=== Exercise aim ===
Copy out all of the lines below exactly; the pictures do not belong in the copy.

=== Supplied data ===
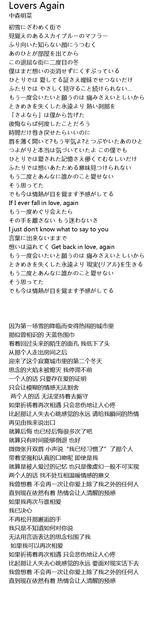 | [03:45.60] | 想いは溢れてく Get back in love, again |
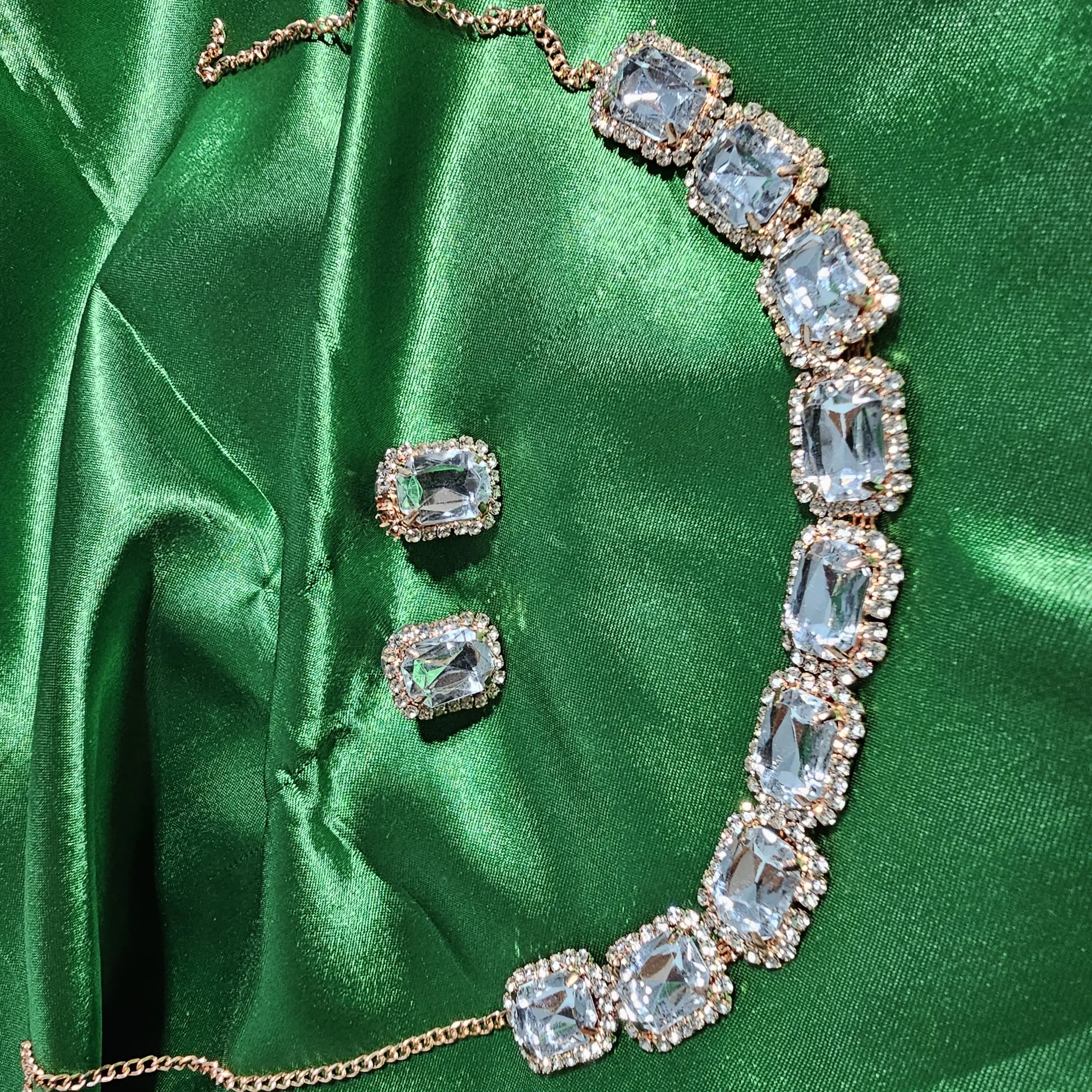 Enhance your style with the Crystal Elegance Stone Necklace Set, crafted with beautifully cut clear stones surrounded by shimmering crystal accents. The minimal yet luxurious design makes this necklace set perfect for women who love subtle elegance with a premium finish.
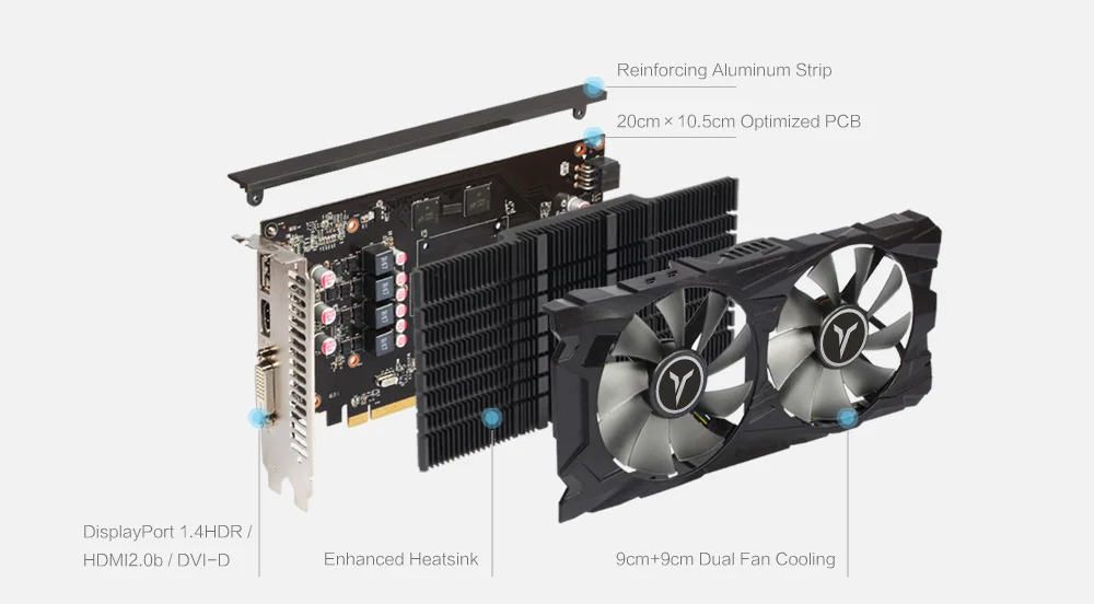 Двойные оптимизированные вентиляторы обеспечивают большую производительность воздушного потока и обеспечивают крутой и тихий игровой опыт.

=== Your solution ===
 | [03:45.60] | 想いは溢れてく Get back in love, again |
 Enhance your style with the Crystal Elegance Stone Necklace Set, crafted with beautifully cut clear stones surrounded by shimmering crystal accents. The minimal yet luxurious design makes this necklace set perfect for women who love subtle elegance with a premium finish.
 Двойные оптимизированные вентиляторы обеспечивают большую производительность воздушного потока и обеспечивают крутой и тихий игровой опыт.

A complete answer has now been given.